While a federal commitment is absolutely necessary to move the file for the fight against contraband tobacco ahead, the Quebec Division of the CCS thinks that this law is a step in the right direction and continues its pressure in this file.
Bill C-32
An end to flavoured cigarettes and cigarillos, as well as tobacco publicity in newspapers and magazines!
On October 6th 2009, the Senate adopted Bill C-32 (An Act to Amend the Tobacco Act). This bill which signals a turn in the fight against tobacco will ban advertising of tobacco products in magazines and newspapers, as well as flavoured cigarettes and cigarillos.
The CCS played a major role in the adoption of this legislation. It sent letters calling on Conservative Quebec Senators to ratify the bill, in addition to calling on Conservative MPs to persuade them to adopt the bill without any amendments.
Fight Back Section of the Relay For Life
More than 26,000 letters sent to federal MPs.
The Quebec Division experienced a very busy spring in 2009. The Division initiated, during five Relay For Life events, letter campaigns asking federal politicians from all parties to vigorously intervene in the contraband tobacco file.
At each of the participating Relays, volunteers made every effort to get letters signed asking local MPs, where the Relays were held, to fight back against contraband tobacco in all of its forms. Each letter was then sent to Prime Minister Harper as well as the different affected ministers (Revenue, Health, Finance, Public Safety). In total, more than 26,000 letters were sent to federal politicians, at the rate of about 1,200 letters per day, to maintain steady pressure on the elected officials.
Following this avalanche of mail, the main four parties contacted the CCS to assure the organization of their support in this fight and to answer the signatories of the letters. The CCS will send the answers from the four main parties to the signatories of the letters and makes a commitment to follow-up on the file with the affected ministers.
In five other Relays, the national office of the CCS, in collaboration with the Quebec Division, carried out a similar activity on the problems of financial support for people living with cancer and their caregivers.

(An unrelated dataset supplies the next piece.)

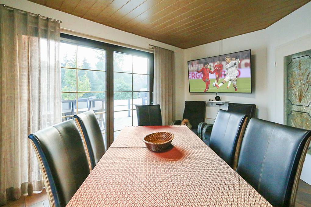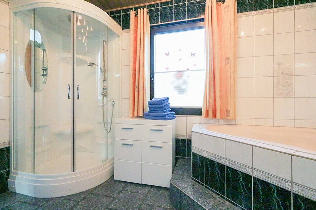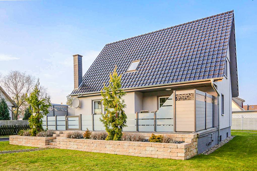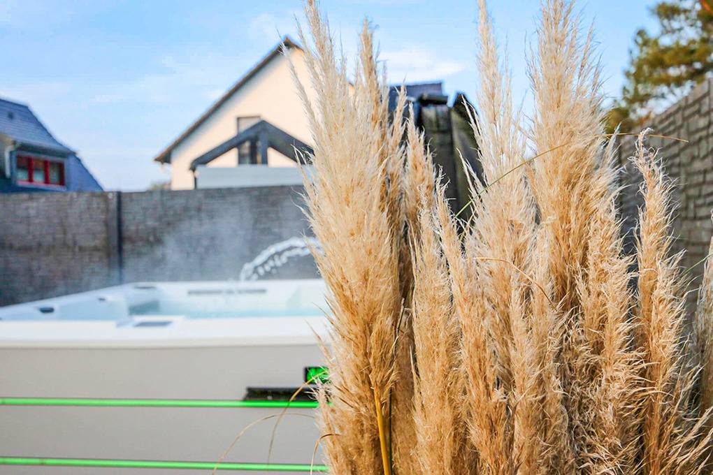 Haus: Komfortables Ferienhaus mit Whirlpool auf 1000 qm großem Gartengrundstück. Moderne, geschmackvolle Einrichtung. Das Haus besticht durch sein großes Platzangebot: 150 qm, 2 Schlafzimmer, 2 Bäder. Nichtraucherhaus. Kostenloser Internetzugang über W-Lan.. Fußbodenheizung. Große Terrasse mit Sitzmöbeln, Sonnenliegen, Gasgrill. Schönes weitläufiges eingezäuntes Gartengrundstück mit drehbarem Glaspavillon, Whirlpool (beheizbar bis 40 °Grad). Carport mit 2 Pkw-Stellplätzen, E-Bike Ladestation. 2 weitere PKW-Stellplätze (nicht überdacht). Zur Sicherheit des Grundstücks sind die Zufahrtstore kameraüberwacht. Wohn- und Terrassenbereiche sind selbstverständlich nicht erfasst – die Privatsphäre bleibt vollständig gewahrt.

Marie-Hélène Dubé, well-known for her petition calling for extended medical insurance coverage for people living with cancer, joined the CCS to gather thousands of additional signatures for her petition.

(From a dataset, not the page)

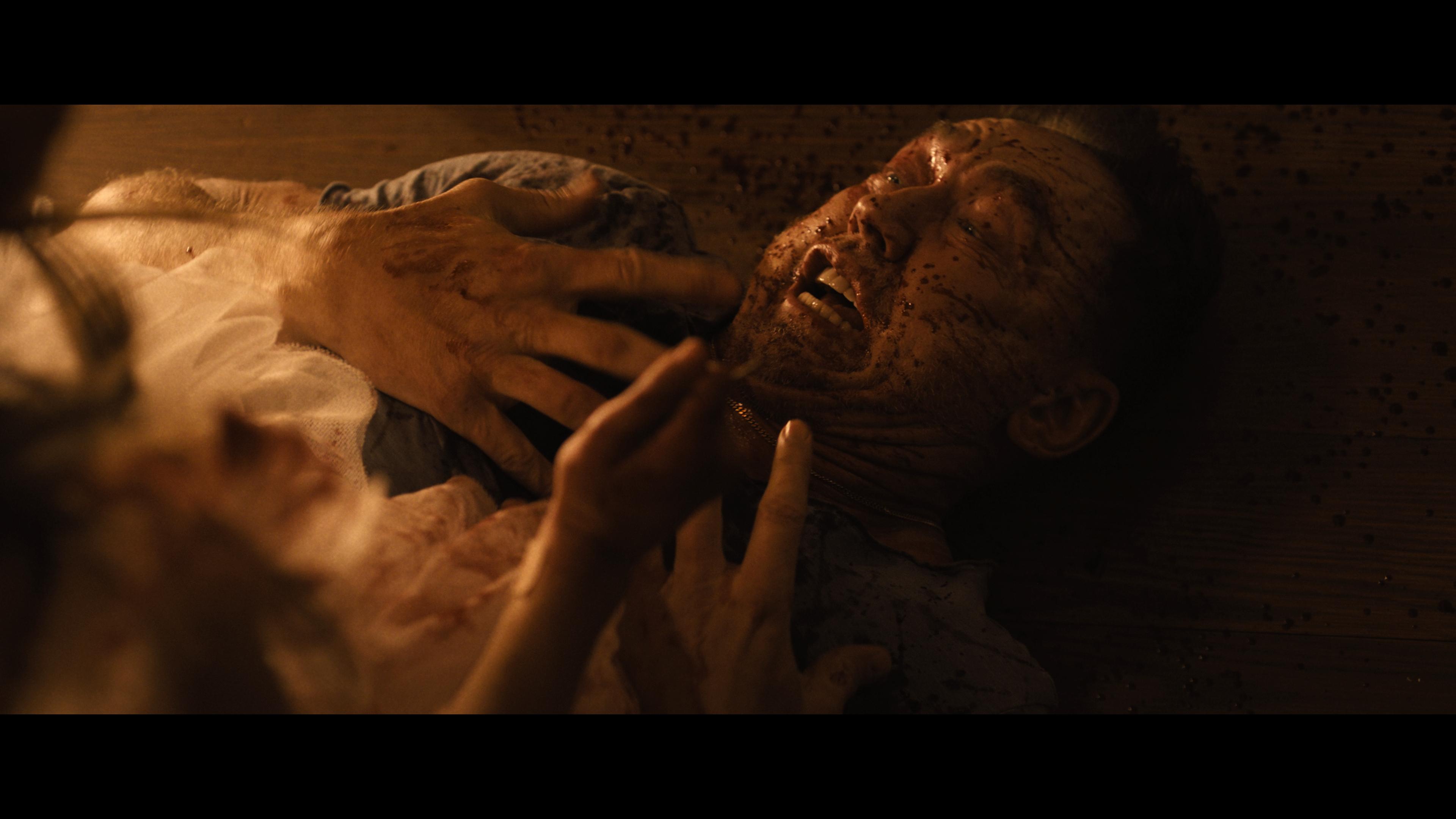 Well, if you’re looking for a film that’ll stress-test the black levels and shadows of your home theater setup, Abigail is a prime candidate! This disc offers a very strong 2160p Dolby Vision transfer for fans to enjoy, but the film, by nature, is very dark, shadowy, and has very limited light sources. To that point, details may seem a bit subdued at times, but it’s still a very sharp and clear image. When the lighting hits right, we can fully appreciate facial features, costuming, and the often incredible, intricate details in the creepy old mansion. Gory visual effects and the gallons of blood get plenty of attention. As I said, this is a darker, creepy flick, so lighting tends to come from soft lamps and fireplaces, so lighting skews a bit more orange; as such, key primaries don’t really stand out on their own dime. But with the HDR grade working its magic, those shadows are distinct and offer some nice dimensionality to the image.

The Quebec Division is thus the first division to introduce an element as important as advocacy in the Fight Back section of the Relay For Life.
Bill 43 - A beautiful victory over tobacco manufacturers.

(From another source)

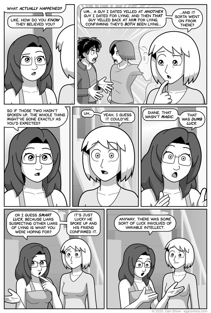 Something I definitely had planned at the time, however, was that the whole thing working ultimately hinged on someone confirming that people were lying. Whether or not she got some sort of boost to believability, it was always going to be a situation in which it would have gone as she'd expected if not for that guy getting mad at his friend.

At the beginning of June 2009, the CCS appeared before the parliamentary committee studying Bill 43, on the recovery of healthcare costs as well as damages and interest related to smoking.
Following the committee hearings, the bill was adopted on June 18. It will allow the government to recover healthcare costs, adopt stricter regulations covering the marketing of tobacco products and invest larger amounts for the prevention of smoking. The provincial government has already expressed its willingness to institute legal proceedings for billions of dollars against the tobacco industry at the beginning of the year.